Bodies of sailors, soldiers and airmen were thrown into the water, some burned beyond recognition, others left floating in the oily sea. The air was filled with the shrieks of men in agony, the crackle of machine gun fire, and the thunderous explosions that shook the ground.
Nearby, Kohler was in an airplane hangar, right in the center of Pearl Harbor, writing a letter to his mother on a typewriter when he heard an approaching aircraft continue to get closer and closer.
“Suddenly and almost simultaneously there was this tremendous roar and bomb fragments and window glass came crashing into the back of my head, ears, neck and shoulders,” Kohler said during the interview published by the Library of Congress.
Despite being threatened to be reported for disobeying his officer’s direct orders to stay sheltered in the ditch, Kohler kept running. He grabbed a 50-caliber machine gun and ammunition and helped shoot at attacking warplanes.
“What affected me the most was seeing those ships explode, capsize, and knowing that with every one of those events there were a lot of lives being lost,” Kohler said.

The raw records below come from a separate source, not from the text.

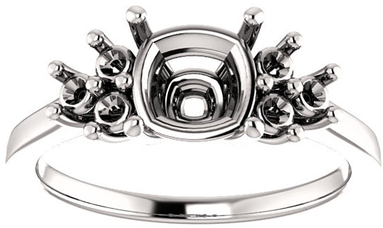 Ring Mounting for Cushion Gemstone Size 5mm to 10mm  Triple Side Accents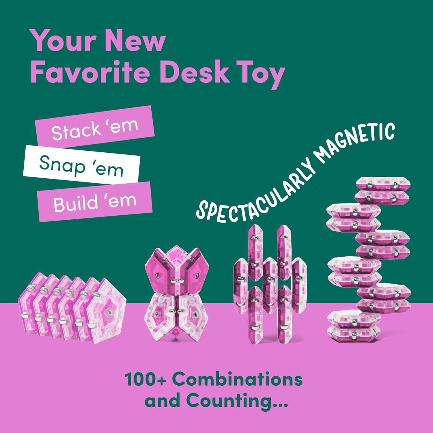 - STACKABLE, SHAKEABLE, SNAPPABLE, BUILDABLE: Use magnetic magic to build gravity defying structures then use your hand as a hammer to mess up your masterpiece. Have a jumble of pieces? Pile them into your palms and shake vigorously. They’ll magically self-align every time!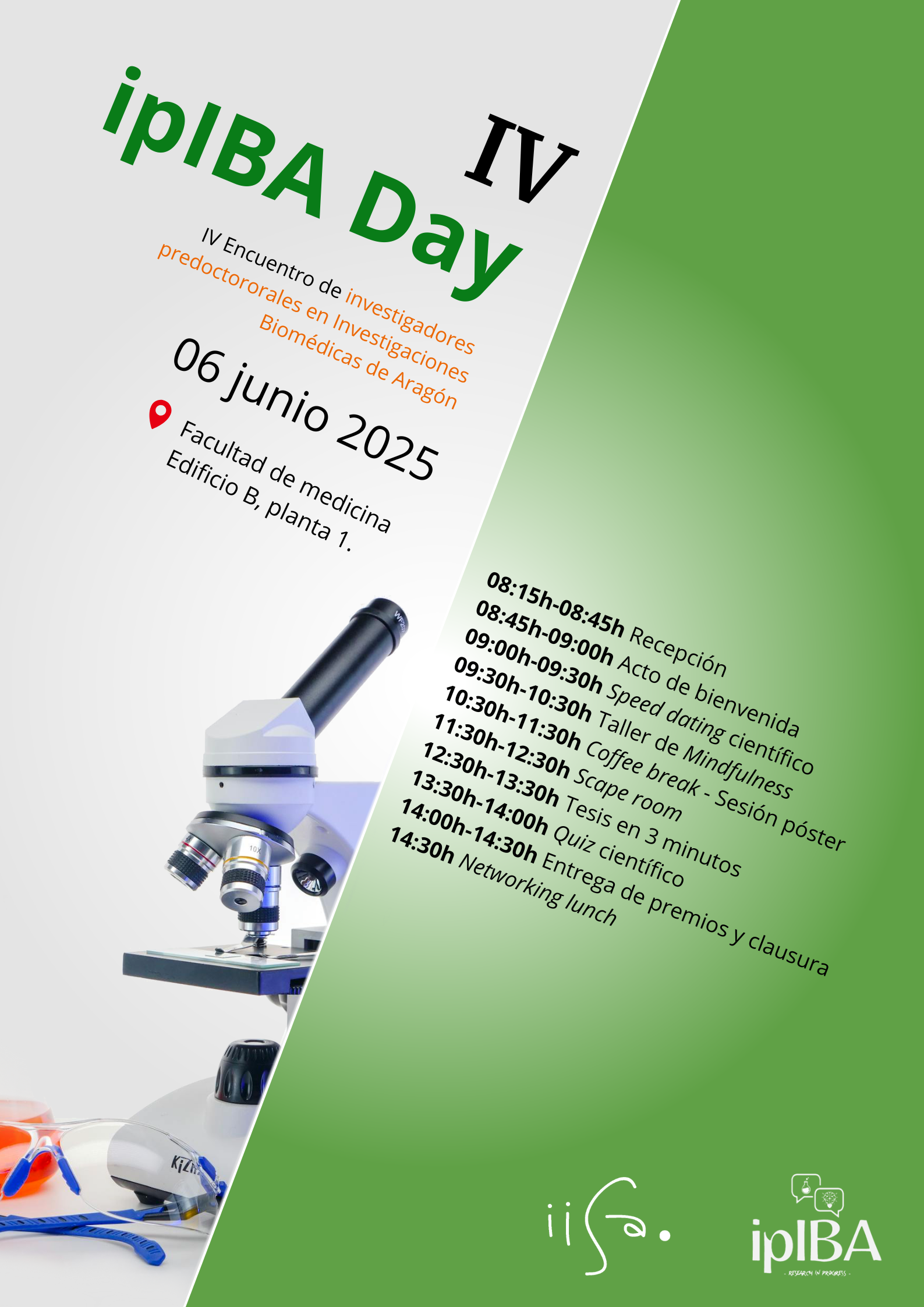 Desde el Instituto de Investigación Sanitaria de Aragón (IIS Aragón) te invitamos a asistir al ipIBA Day 2025: IV Encuentro de investigadores predoctorales en Investigaciones Biomédicas de Aragón, que tendrá lugar el 06 de junio de 2025. Para quienes todavía no conozcáis la iniciativa, el ipIBA Day es una jornada dedicada a todo investigador/a predoctoral que quiera participar, juntarse, hacer networking y difundir sus proyectos.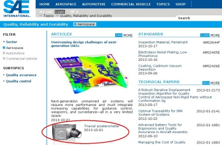在SAE官网的航空航天栏目中,就为全球的汽车/航空航天工程师推荐了美国Endevco(恩德福克)的新产品7253D三轴加速度传感器。
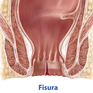 La fisura anal es una herida lineal o desgarro en el tejido delgado y húmedo que recubre el ano, en su zona más externa. Causa intenso dolor al momento de las deposiciones, dura varias horas y puede presentar algún sangrado anal. La causa más frecuente es el estreñimiento y las heces demasiado duras o de gran tamaño.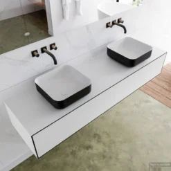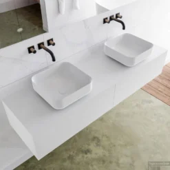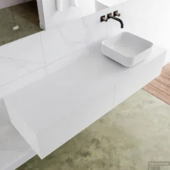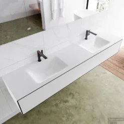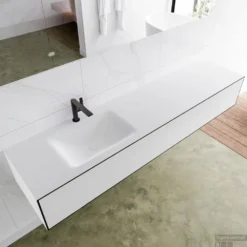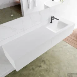 Badkamermeubelset Mondiaz LAGOM 170 Cm Rechtse Waskom Solid Surface Met 1 Kraangat Mat Wit (2 Laden)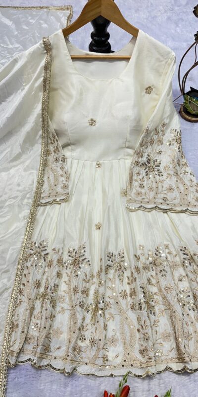 White Chinon Silk Lace Embroidery Work Salwar Suit

Kohler is not in Hawaii. Instead, he will be speaking at the annual Beacon lighting ceremony held by conservation nonprofit Save Mount Diablo in California to pay tribute to the lives that were lost and honor surviving veterans. The Beacon on Mount Diablo was installed and illuminated in 1928 to aid in transcontinental aviation. But it was extinguished during the West Coast blackout following the Pearl Harbor attack out of fear it may lead to an attack on California.
It stayed dark until Pearl Harbor Day in 1964, when Fleet Admiral Chester Nimitz, Commander in Chief of Pacific Forces during World War II, relit the Beacon in a commemorative ceremony and suggested it be illuminated every December 7th to honor those who served and sacrificed.
“In my way of thinking it gives the few survivors that are left an opportunity to reach back across the miles and the years and reconnect once again with our sunken shipmates and fallen comrades,” Kohler told CNN.
Kohler says he believes that if those who were lost there that day had a voice of their own, they would say, “Remember us.”